• **Your goal**: Please repeat only the lines below starting at the line that holds "Bolsas de estilo" and ending at the line that holds "The Tribune-Review eTRIB", exactly, with both of those lines included and every picture omitted.

• **Supplied data**:
........

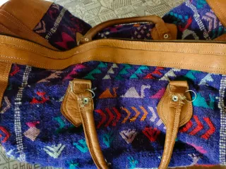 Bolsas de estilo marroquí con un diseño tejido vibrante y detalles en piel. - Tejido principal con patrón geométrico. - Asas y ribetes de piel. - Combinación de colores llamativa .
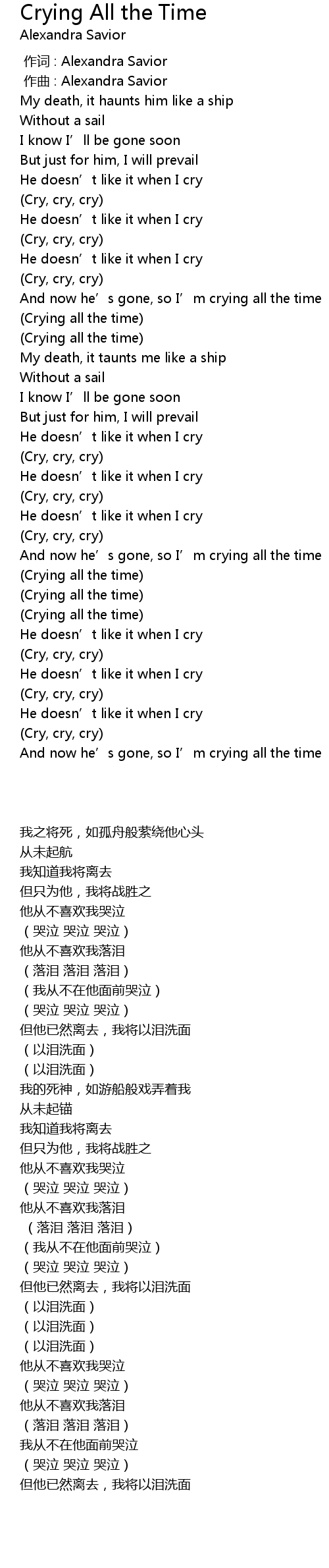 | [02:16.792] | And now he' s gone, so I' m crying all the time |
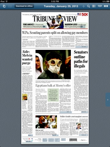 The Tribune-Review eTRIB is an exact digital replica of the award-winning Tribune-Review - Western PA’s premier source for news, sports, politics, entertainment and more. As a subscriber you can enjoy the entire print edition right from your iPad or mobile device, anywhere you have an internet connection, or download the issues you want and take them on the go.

........

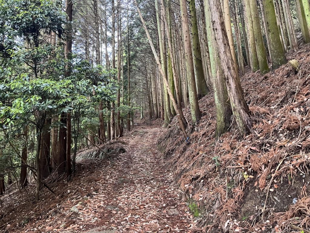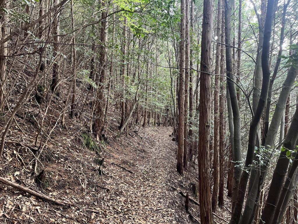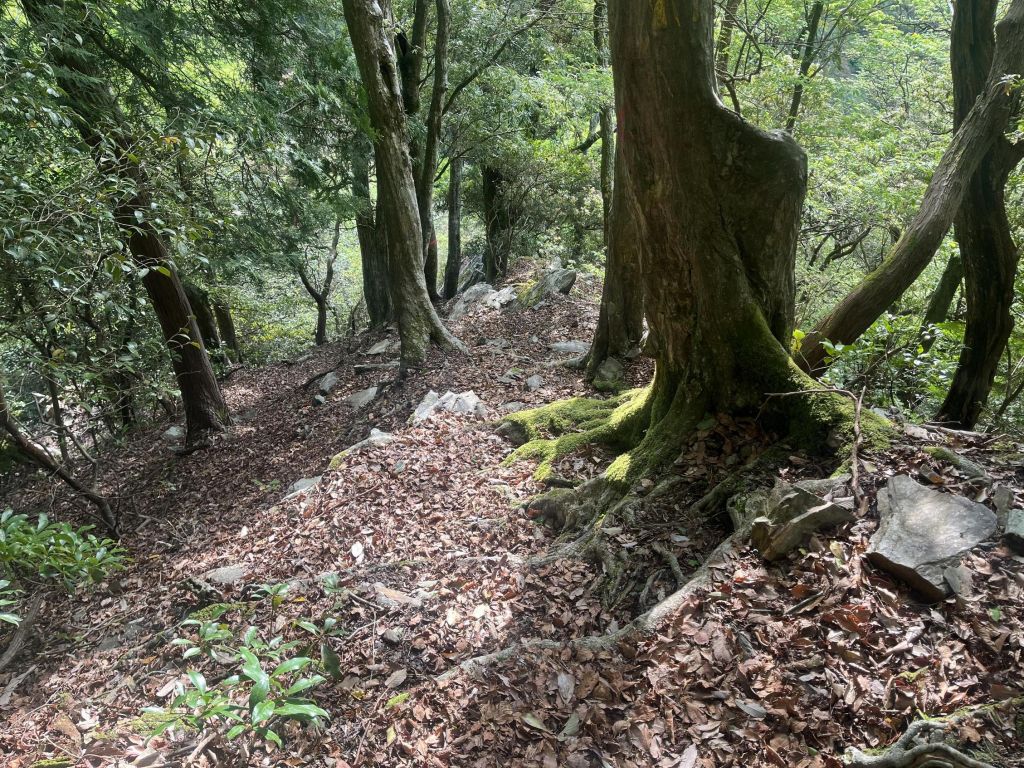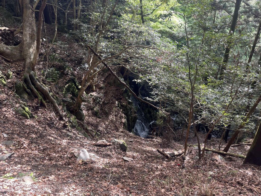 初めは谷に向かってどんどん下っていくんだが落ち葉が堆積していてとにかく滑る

........

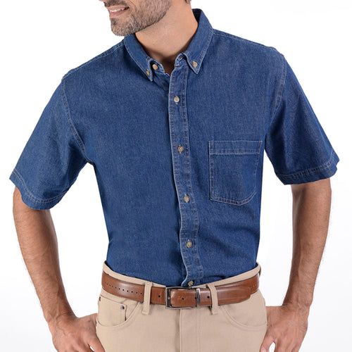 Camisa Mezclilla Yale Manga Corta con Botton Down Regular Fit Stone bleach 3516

........

• **Written answer**:
 Bolsas de estilo marroquí con un diseño tejido vibrante y detalles en piel. - Tejido principal con patrón geométrico. - Asas y ribetes de piel. - Combinación de colores llamativa .
 | [02:16.792] | And now he' s gone, so I' m crying all the time |
 The Tribune-Review eTRIB is an exact digital replica of the award-winning Tribune-Review - Western PA’s premier source for news, sports, politics, entertainment and more. As a subscriber you can enjoy the entire print edition right from your iPad or mobile device, anywhere you have an internet connection, or download the issues you want and take them on the go.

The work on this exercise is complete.